● Instructions for the task
Could you set down exactly the lines in the records below between the line holding "Magnetická záložka do" and the line holding "Примеряем сидение из", inclusive?

[[ Recorded data, beginning ]]

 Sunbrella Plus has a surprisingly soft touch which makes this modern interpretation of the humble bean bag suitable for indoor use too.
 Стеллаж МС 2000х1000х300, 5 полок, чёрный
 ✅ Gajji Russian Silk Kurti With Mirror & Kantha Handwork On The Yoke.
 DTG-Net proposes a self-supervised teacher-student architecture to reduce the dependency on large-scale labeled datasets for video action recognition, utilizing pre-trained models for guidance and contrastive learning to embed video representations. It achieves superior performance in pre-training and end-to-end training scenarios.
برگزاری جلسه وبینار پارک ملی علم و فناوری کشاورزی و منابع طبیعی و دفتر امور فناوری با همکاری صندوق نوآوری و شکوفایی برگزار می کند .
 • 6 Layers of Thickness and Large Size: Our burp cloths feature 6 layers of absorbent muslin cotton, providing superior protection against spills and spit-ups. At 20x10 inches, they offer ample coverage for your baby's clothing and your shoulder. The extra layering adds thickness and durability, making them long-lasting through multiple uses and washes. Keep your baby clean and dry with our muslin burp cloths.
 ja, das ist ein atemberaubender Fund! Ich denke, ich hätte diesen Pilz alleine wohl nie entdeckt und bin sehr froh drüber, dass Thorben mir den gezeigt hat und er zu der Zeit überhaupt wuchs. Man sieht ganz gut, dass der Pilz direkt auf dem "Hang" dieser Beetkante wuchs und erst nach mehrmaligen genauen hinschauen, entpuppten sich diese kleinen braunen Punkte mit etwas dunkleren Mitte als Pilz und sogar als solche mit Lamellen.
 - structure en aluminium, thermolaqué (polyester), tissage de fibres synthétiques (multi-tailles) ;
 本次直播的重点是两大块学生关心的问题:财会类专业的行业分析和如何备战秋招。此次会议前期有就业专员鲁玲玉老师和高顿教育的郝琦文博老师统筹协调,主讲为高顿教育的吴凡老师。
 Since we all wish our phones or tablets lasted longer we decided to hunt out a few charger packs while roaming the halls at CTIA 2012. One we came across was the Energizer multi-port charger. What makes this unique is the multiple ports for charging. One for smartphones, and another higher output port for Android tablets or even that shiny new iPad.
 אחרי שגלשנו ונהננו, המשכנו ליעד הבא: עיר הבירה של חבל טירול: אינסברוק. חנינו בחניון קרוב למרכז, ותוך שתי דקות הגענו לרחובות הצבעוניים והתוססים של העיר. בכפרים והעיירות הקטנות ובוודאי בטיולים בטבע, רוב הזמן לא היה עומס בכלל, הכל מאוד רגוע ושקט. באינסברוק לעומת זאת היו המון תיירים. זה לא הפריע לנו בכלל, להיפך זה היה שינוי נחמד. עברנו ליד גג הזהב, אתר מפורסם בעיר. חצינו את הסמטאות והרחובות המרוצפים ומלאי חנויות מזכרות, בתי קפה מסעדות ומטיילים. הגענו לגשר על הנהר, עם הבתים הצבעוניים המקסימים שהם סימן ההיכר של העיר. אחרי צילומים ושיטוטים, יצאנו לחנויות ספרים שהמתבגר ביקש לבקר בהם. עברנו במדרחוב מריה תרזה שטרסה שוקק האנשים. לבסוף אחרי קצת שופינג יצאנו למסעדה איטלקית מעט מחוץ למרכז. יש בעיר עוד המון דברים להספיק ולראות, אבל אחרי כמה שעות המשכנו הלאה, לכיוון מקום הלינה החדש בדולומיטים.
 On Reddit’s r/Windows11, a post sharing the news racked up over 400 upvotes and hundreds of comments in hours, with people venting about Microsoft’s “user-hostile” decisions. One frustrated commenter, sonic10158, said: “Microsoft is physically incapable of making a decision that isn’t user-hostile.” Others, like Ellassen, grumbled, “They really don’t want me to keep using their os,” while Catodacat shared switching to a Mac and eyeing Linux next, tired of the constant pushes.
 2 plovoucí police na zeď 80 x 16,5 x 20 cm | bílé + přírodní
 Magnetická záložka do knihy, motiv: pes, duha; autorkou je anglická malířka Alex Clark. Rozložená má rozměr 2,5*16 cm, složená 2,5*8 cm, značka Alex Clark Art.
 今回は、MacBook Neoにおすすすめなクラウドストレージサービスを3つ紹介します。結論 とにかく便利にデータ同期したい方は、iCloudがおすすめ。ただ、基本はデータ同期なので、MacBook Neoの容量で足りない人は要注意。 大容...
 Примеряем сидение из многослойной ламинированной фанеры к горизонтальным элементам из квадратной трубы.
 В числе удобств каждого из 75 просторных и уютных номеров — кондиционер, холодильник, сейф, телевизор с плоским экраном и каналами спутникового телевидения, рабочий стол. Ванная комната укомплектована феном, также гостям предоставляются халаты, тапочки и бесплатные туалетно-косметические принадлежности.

[[ Recorded data, end ]]

● Result of this exercise
 Magnetická záložka do knihy, motiv: pes, duha; autorkou je anglická malířka Alex Clark. Rozložená má rozměr 2,5*16 cm, složená 2,5*8 cm, značka Alex Clark Art.
 今回は、MacBook Neoにおすすすめなクラウドストレージサービスを3つ紹介します。結論 とにかく便利にデータ同期したい方は、iCloudがおすすめ。ただ、基本はデータ同期なので、MacBook Neoの容量で足りない人は要注意。 大容...
 Примеряем сидение из многослойной ламинированной фанеры к горизонтальным элементам из квадратной трубы.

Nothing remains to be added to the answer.